**Working data:**
+ + +

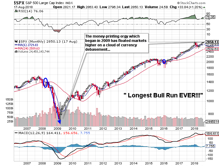 Das neue Rekordhoch, welches der Aktienindex S&P 500 (und Myriaden kleinerer Indices) am Dienstag verzeichnete, markierte den längsten Bullenmarkt in der Geschichte der New Yorker Börse. Da sich diese Hausse vor dem Hintergrund einer gigantischen globalen Kreditschwemme abspielte, möchte ich Ihnen heute eine Liste gescheiterter Trades und Investments präsentieren, die zahlreichen gewieften (und nicht so gewieften) Anlegern 2018 einiges Kopfzerbrechen verursachten.Gescheiterter Trade Nr. 1: Aktien shorten während einer Orgie des Gelddruckens
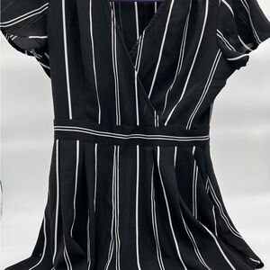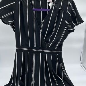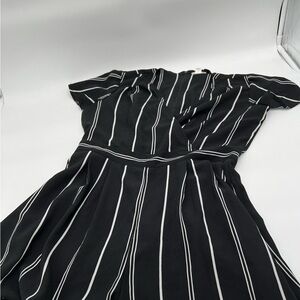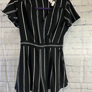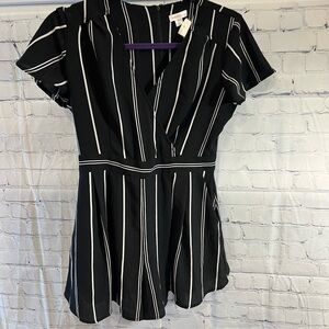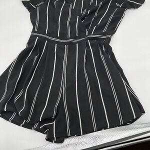 Elevate your summer wardrobe with this stylish black and white striped romper from Xhilaration. Featuring short sleeves and flattering pleats below the waist, this piece is perfect for summer nights out—whether you’re dining, dancing, or socializing.
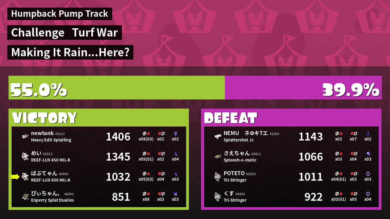 | Medals | #1 Super Jump Spot #1 Splat Assister #1 Base Defender | ||
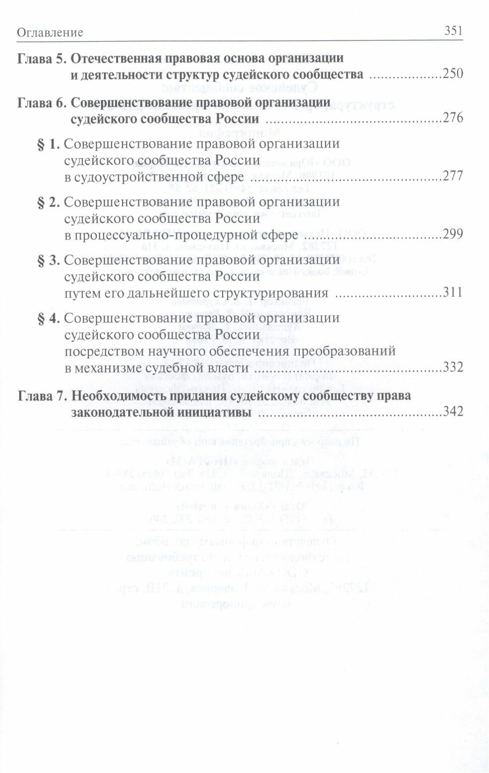 В монографии раскрываются актуальные теоретические и практические проблемы организации системы судейского сообщества России, ее структура, компетенция и полномочия ее звеньев и создаваемых органов. Освещены исторический отечественный аспект исследуемой области, международный и зарубежный опыт регулирования организации и деятельности органов и иных структур судейского сообщества. Предложены и обоснованы пути совершенствования и дальнейшего развития судейского сообщества и его органов в России в целях укрепления судебной власти и повышения независимости российских судей.
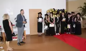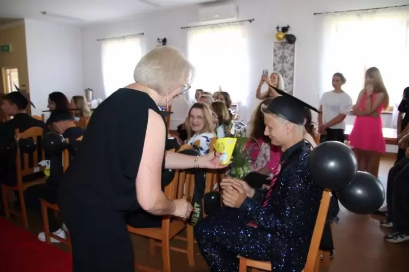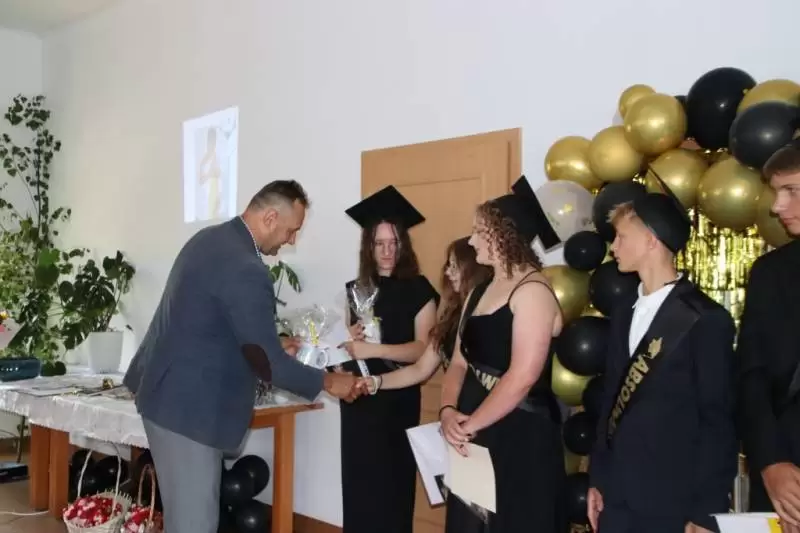 Na zakończenie głos zabrała również Dyrektor Szkoły Dorota Byra, która pogratulowała uczniom ukończenia ważnego etapu edukacji oraz życzyła im odwagi i wiary w siebie na kolejnych ścieżkach życia akcentując, że drzwi szkoły są dla uczniów zawsze otwarte.
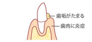 歯肉(歯ぐき)と歯の間にはポケットという1mmくらいのすき間があります。歯みがきを怠ってしまうとこのポケットに歯垢がたまります。たまった歯垢が歯石をつくり、すき間を押し広げていきます。これを積み重ねることで歯肉が炎症を起こします。これが歯肉炎で、歯周病の第一歩です。 歯肉炎にかかると歯ぐきは赤く腫れ、リンゴをかじったときなどに歯ぐきから血が出ます。歯肉炎を放置しておくと症状はますます悪化し、歯周炎へと進んでいきます。この様に歯周病は主に歯ぐきと歯の間のブラッシングがきちんと出来ていないのが原因となります。
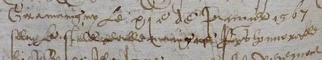 Dans cette archive "notariale", le changement de style (après 1567) apparaît donc plus tardif que dans la précédente (avant 1564). Il semble cependant bien que, dans les années 1560, la plupart des clercs ont bien compris que tout est plus pratique et logique dans un système où le début d'année est toujours à la même date (6). Néanmoins, quels que soient leurs choix, ils ne commettent aucune erreur (on est loin des confusions auxquelles donnera lieu le calendrier révolutionnaire en 1792-1794). Ils fournissent toutes les précisions nécessaires pour éviter une erreur d'interprétation.
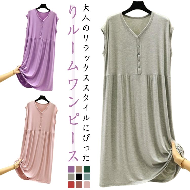 ルームウェア ノースリーブ ルームワン ブラック ライトグレー ライトブルー ライトパープル ベージュ ダークグリーン ダークピンク レッド ライトピンク
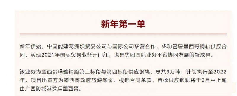 2021年1月,能建葛洲壩貿易公司與葛洲壩國際公司聯營合作,簽署墨西哥鋼軌供應合同,實現2021年國際貿易業務開門紅。項目為墨西哥瑪雅鐵路第二標段與第四標段供應鋼軌,總共9萬噸,首批供應鋼軌將于2月中上旬由廣西防城港發運墨西哥。
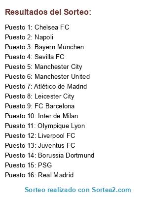Lista de participantes: Atlético de Madrid, FC Barcelona, Bayern München, Borussia Dortmund, Chelsea FC, Inter de Milan, Juventus FC, Leicester City, Liverpool FC, Manchester City, Manchester United, Napoli, Olympique Lyon, PSG, Real Madrid, Sevilla FC.
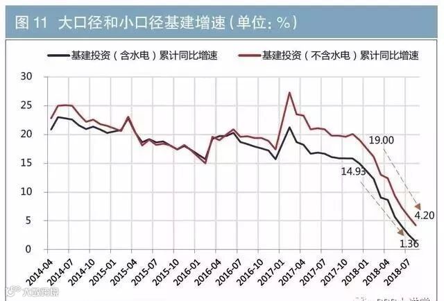 2018年初至今,基建投资增速出现了前所未有的崩塌式下滑。截至9月,基建投资名义增速(含水电)已降至1.36%(见图11),2017年全年是14.9%。考虑价格因素后,实际增速已经为负。这是地方政府的预算约束重新被关进笼子带来的短期阵痛,但同时也意味着中国的基建增速将告别2009年以来两位数的增长,未来将进入个位数增长的新常态。
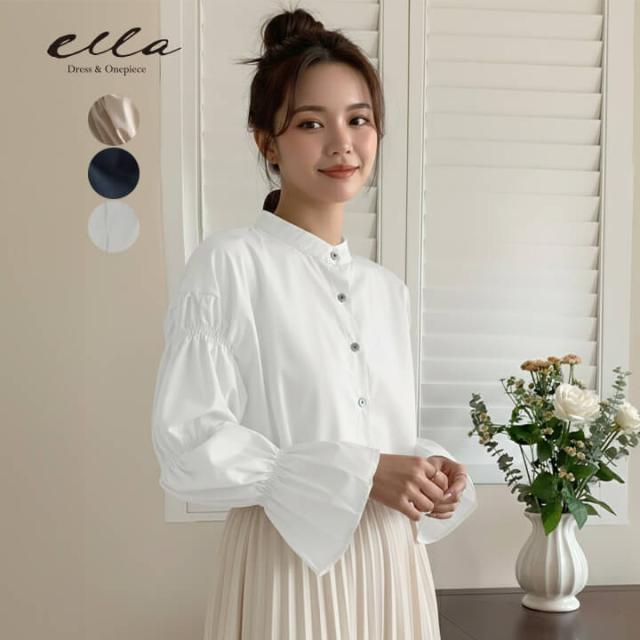 上品さとトレンド感を兼ね備えた、ギャザースリーブデザインのスタンドカラーシャツ。
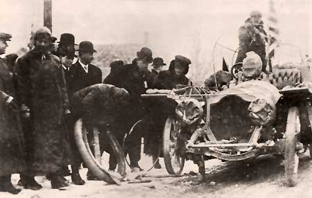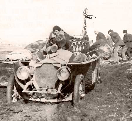 At San Francisco, Schuster was made captain-driver of the Thomas. After repairs it was shipped by steamer to Seattle, where George McAdam, a New York Times man joined, then in a second steamer to Valdez, Alaska. There snowdrifts as high as houses prevented it being driven off the dock. It was shipped back to Seattle. There Schuster learned the race was to be resumed in Vladivostok; that the Zust and De Dion which followed him into San Francisco, were enroute there by way of Japan; that the Protos, which had been shipped by rail to Seattle from its last breakdown near Pocatello, Idaho, was being sent direct to Vladivostok. Schuster chose to go by way of Japan. At this point, the Race Committee gave the Thomas a 15-day advantage for going to Alaska and penalized the Protos 15 days for not driving to San Francisco. This proved important. As all four cars reached Vladivostok, three of them after 350 tortuous miles across Japan, the Marquise de Dion, maker of the De Dion car withdrew it. In a frantic effort to stay in the contest, St. Chaffray attempted to buy all the gasoline available in the area and trade it for a seat on the Thomas or the Zust. Both crews refused him and found other gasoline. Koeppen and two experts from the Protos factory, Robert Fuchs and Casper Neuberger, overhauled the German car and stripped it of every ounce of excess weight. While the Zust was delayed further, the Protos drove west from Vladivostok at 8 a.m. May 22, a rainy day. The Thomas followed two hours later. The cars traveled, MacAdam wrote, “out into a dismal flat, rain- drenched country, over or rather through a road that was a streak of mud far as the eye could reach.” Both had chains on the rear wheels. |
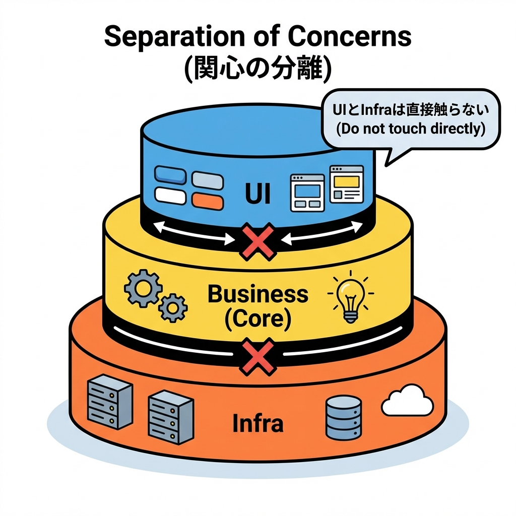- SoC:仕事の種類ごとに分ける(混ぜない)🧩
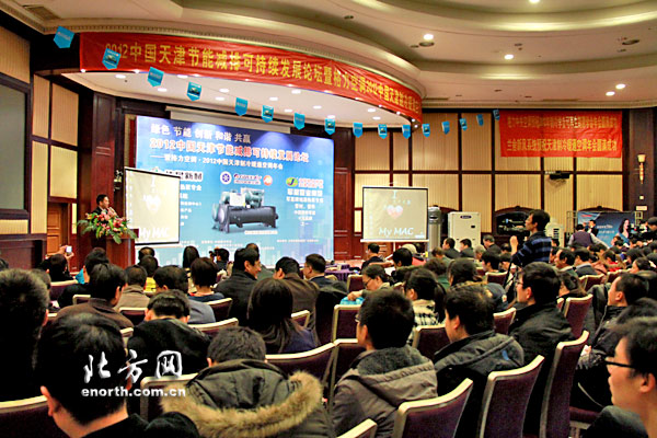 2012中国天津节能减排可持续发展论坛与展会同期举行,天津市制冷学会理事长由世俊和副理事长申江、天津市可再生能源学会理事长马一太、天津市建筑设计院总工伍小亭、天津大学教授杨昭、天津工业大学教授何耀东等分别发言。
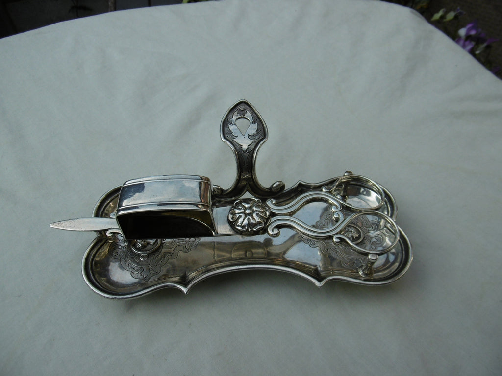 1841 stunning silver snuffer stand and snuffers , unusual design see photos
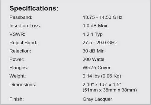 This compact transmit filter is designed to suppress the 2nd harmonic frequency range of the Ku-Band.
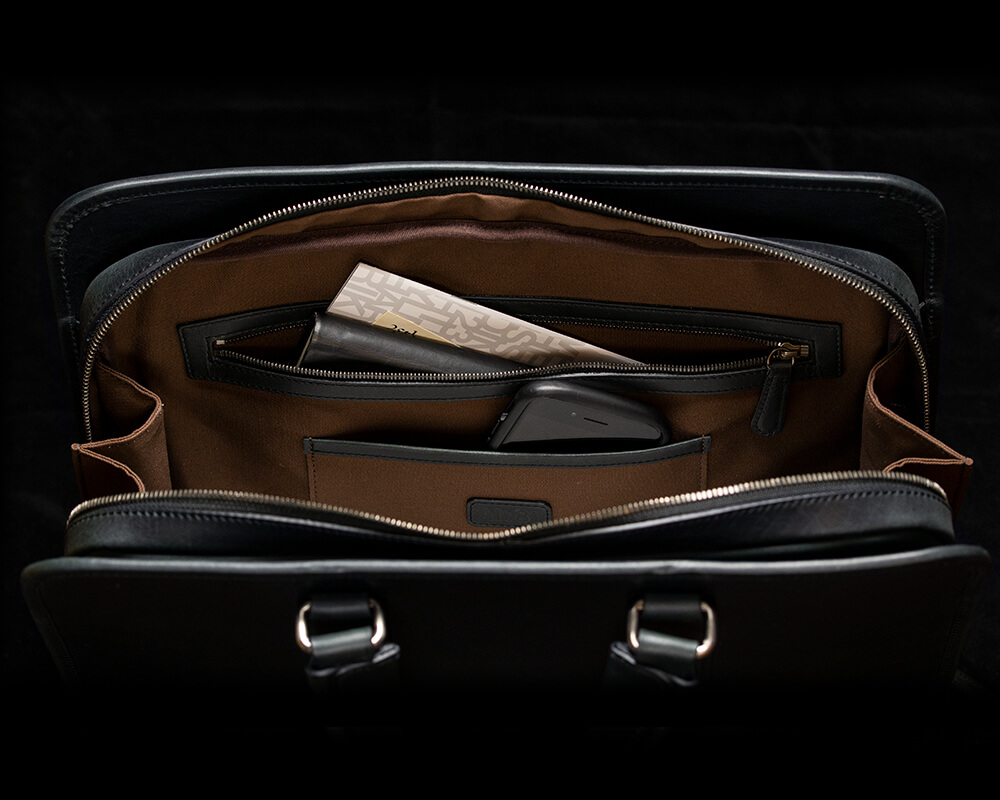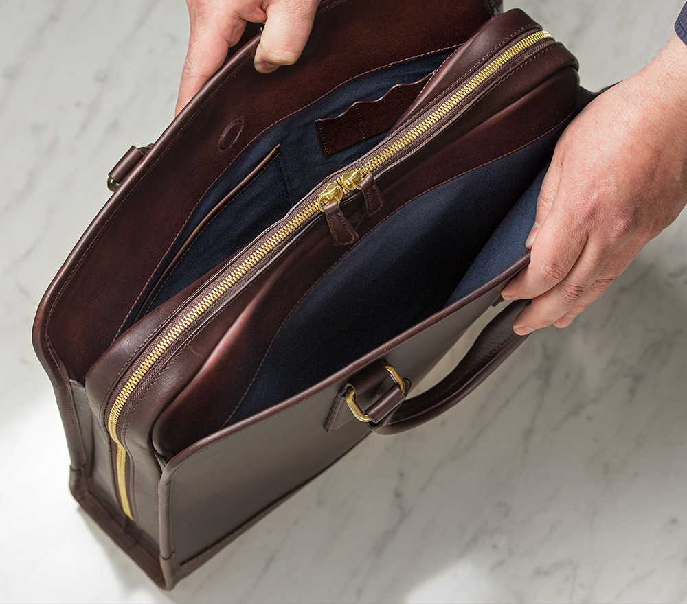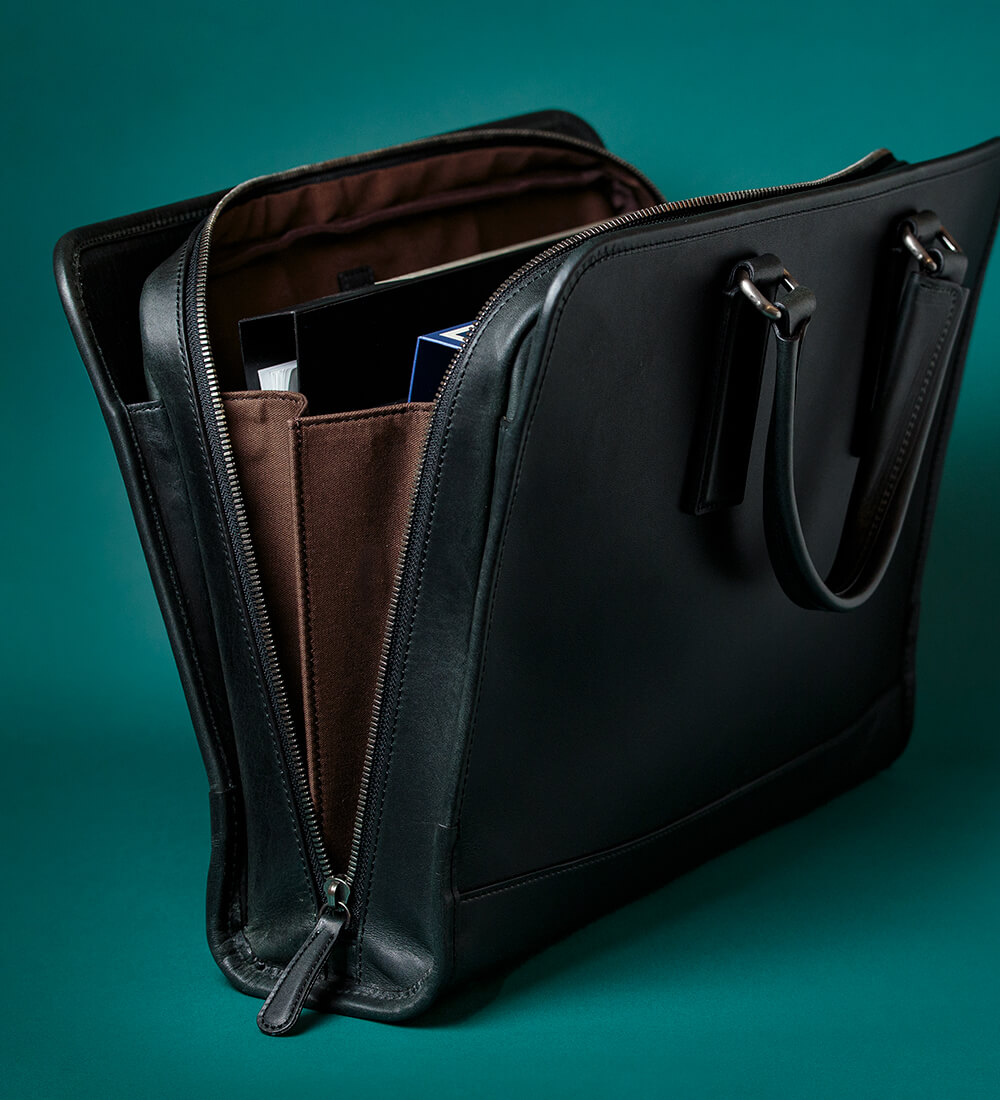 ファスナーは底面まで下ろすことができるので鞄をガバッと開くことができ、中が非常に見渡しやすい。内装の色は汚れを目立たなくさせるため、ダークブラウンには紺を、藍鉄には茶を採用。またファスナーを全開にしても、蛇腹状のマチに高さがあるために中のものが側面から見えることがない。さらにファスナーを開けていても鞄が自立してくれる作りも容量がある鞄としての使い勝手の良さを実感できる部分だろう。

+ + +

**Problem description:** When you retype the listing above, keep each line exactly as written and drop the pictures.

**Written reply:**
 Das neue Rekordhoch, welches der Aktienindex S&P 500 (und Myriaden kleinerer Indices) am Dienstag verzeichnete, markierte den längsten Bullenmarkt in der Geschichte der New Yorker Börse. Da sich diese Hausse vor dem Hintergrund einer gigantischen globalen Kreditschwemme abspielte, möchte ich Ihnen heute eine Liste gescheiterter Trades und Investments präsentieren, die zahlreichen gewieften (und nicht so gewieften) Anlegern 2018 einiges Kopfzerbrechen verursachten.Gescheiterter Trade Nr. 1: Aktien shorten während einer Orgie des Gelddruckens
 Elevate your summer wardrobe with this stylish black and white striped romper from Xhilaration. Featuring short sleeves and flattering pleats below the waist, this piece is perfect for summer nights out—whether you’re dining, dancing, or socializing.
 | Medals | #1 Super Jump Spot #1 Splat Assister #1 Base Defender | ||
 В монографии раскрываются актуальные теоретические и практические проблемы организации системы судейского сообщества России, ее структура, компетенция и полномочия ее звеньев и создаваемых органов. Освещены исторический отечественный аспект исследуемой области, международный и зарубежный опыт регулирования организации и деятельности органов и иных структур судейского сообщества. Предложены и обоснованы пути совершенствования и дальнейшего развития судейского сообщества и его органов в России в целях укрепления судебной власти и повышения независимости российских судей.
 Na zakończenie głos zabrała również Dyrektor Szkoły Dorota Byra, która pogratulowała uczniom ukończenia ważnego etapu edukacji oraz życzyła im odwagi i wiary w siebie na kolejnych ścieżkach życia akcentując, że drzwi szkoły są dla uczniów zawsze otwarte.
 歯肉(歯ぐき)と歯の間にはポケットという1mmくらいのすき間があります。歯みがきを怠ってしまうとこのポケットに歯垢がたまります。たまった歯垢が歯石をつくり、すき間を押し広げていきます。これを積み重ねることで歯肉が炎症を起こします。これが歯肉炎で、歯周病の第一歩です。 歯肉炎にかかると歯ぐきは赤く腫れ、リンゴをかじったときなどに歯ぐきから血が出ます。歯肉炎を放置しておくと症状はますます悪化し、歯周炎へと進んでいきます。この様に歯周病は主に歯ぐきと歯の間のブラッシングがきちんと出来ていないのが原因となります。
 Dans cette archive "notariale", le changement de style (après 1567) apparaît donc plus tardif que dans la précédente (avant 1564). Il semble cependant bien que, dans les années 1560, la plupart des clercs ont bien compris que tout est plus pratique et logique dans un système où le début d'année est toujours à la même date (6). Néanmoins, quels que soient leurs choix, ils ne commettent aucune erreur (on est loin des confusions auxquelles donnera lieu le calendrier révolutionnaire en 1792-1794). Ils fournissent toutes les précisions nécessaires pour éviter une erreur d'interprétation.
 ルームウェア ノースリーブ ルームワン ブラック ライトグレー ライトブルー ライトパープル ベージュ ダークグリーン ダークピンク レッド ライトピンク
 2021年1月,能建葛洲壩貿易公司與葛洲壩國際公司聯營合作,簽署墨西哥鋼軌供應合同,實現2021年國際貿易業務開門紅。項目為墨西哥瑪雅鐵路第二標段與第四標段供應鋼軌,總共9萬噸,首批供應鋼軌將于2月中上旬由廣西防城港發運墨西哥。
Lista de participantes: Atlético de Madrid, FC Barcelona, Bayern München, Borussia Dortmund, Chelsea FC, Inter de Milan, Juventus FC, Leicester City, Liverpool FC, Manchester City, Manchester United, Napoli, Olympique Lyon, PSG, Real Madrid, Sevilla FC.
 2018年初至今,基建投资增速出现了前所未有的崩塌式下滑。截至9月,基建投资名义增速(含水电)已降至1.36%(见图11),2017年全年是14.9%。考虑价格因素后,实际增速已经为负。这是地方政府的预算约束重新被关进笼子带来的短期阵痛,但同时也意味着中国的基建增速将告别2009年以来两位数的增长,未来将进入个位数增长的新常态。
 上品さとトレンド感を兼ね備えた、ギャザースリーブデザインのスタンドカラーシャツ。
 At San Francisco, Schuster was made captain-driver of the Thomas. After repairs it was shipped by steamer to Seattle, where George McAdam, a New York Times man joined, then in a second steamer to Valdez, Alaska. There snowdrifts as high as houses prevented it being driven off the dock. It was shipped back to Seattle. There Schuster learned the race was to be resumed in Vladivostok; that the Zust and De Dion which followed him into San Francisco, were enroute there by way of Japan; that the Protos, which had been shipped by rail to Seattle from its last breakdown near Pocatello, Idaho, was being sent direct to Vladivostok. Schuster chose to go by way of Japan. At this point, the Race Committee gave the Thomas a 15-day advantage for going to Alaska and penalized the Protos 15 days for not driving to San Francisco. This proved important. As all four cars reached Vladivostok, three of them after 350 tortuous miles across Japan, the Marquise de Dion, maker of the De Dion car withdrew it. In a frantic effort to stay in the contest, St. Chaffray attempted to buy all the gasoline available in the area and trade it for a seat on the Thomas or the Zust. Both crews refused him and found other gasoline. Koeppen and two experts from the Protos factory, Robert Fuchs and Casper Neuberger, overhauled the German car and stripped it of every ounce of excess weight. While the Zust was delayed further, the Protos drove west from Vladivostok at 8 a.m. May 22, a rainy day. The Thomas followed two hours later. The cars traveled, MacAdam wrote, “out into a dismal flat, rain- drenched country, over or rather through a road that was a streak of mud far as the eye could reach.” Both had chains on the rear wheels. |
- SoC:仕事の種類ごとに分ける(混ぜない)🧩
 2012中国天津节能减排可持续发展论坛与展会同期举行,天津市制冷学会理事长由世俊和副理事长申江、天津市可再生能源学会理事长马一太、天津市建筑设计院总工伍小亭、天津大学教授杨昭、天津工业大学教授何耀东等分别发言。
 1841 stunning silver snuffer stand and snuffers , unusual design see photos
 This compact transmit filter is designed to suppress the 2nd harmonic frequency range of the Ku-Band.
 ファスナーは底面まで下ろすことができるので鞄をガバッと開くことができ、中が非常に見渡しやすい。内装の色は汚れを目立たなくさせるため、ダークブラウンには紺を、藍鉄には茶を採用。またファスナーを全開にしても、蛇腹状のマチに高さがあるために中のものが側面から見えることがない。さらにファスナーを開けていても鞄が自立してくれる作りも容量がある鞄としての使い勝手の良さを実感できる部分だろう。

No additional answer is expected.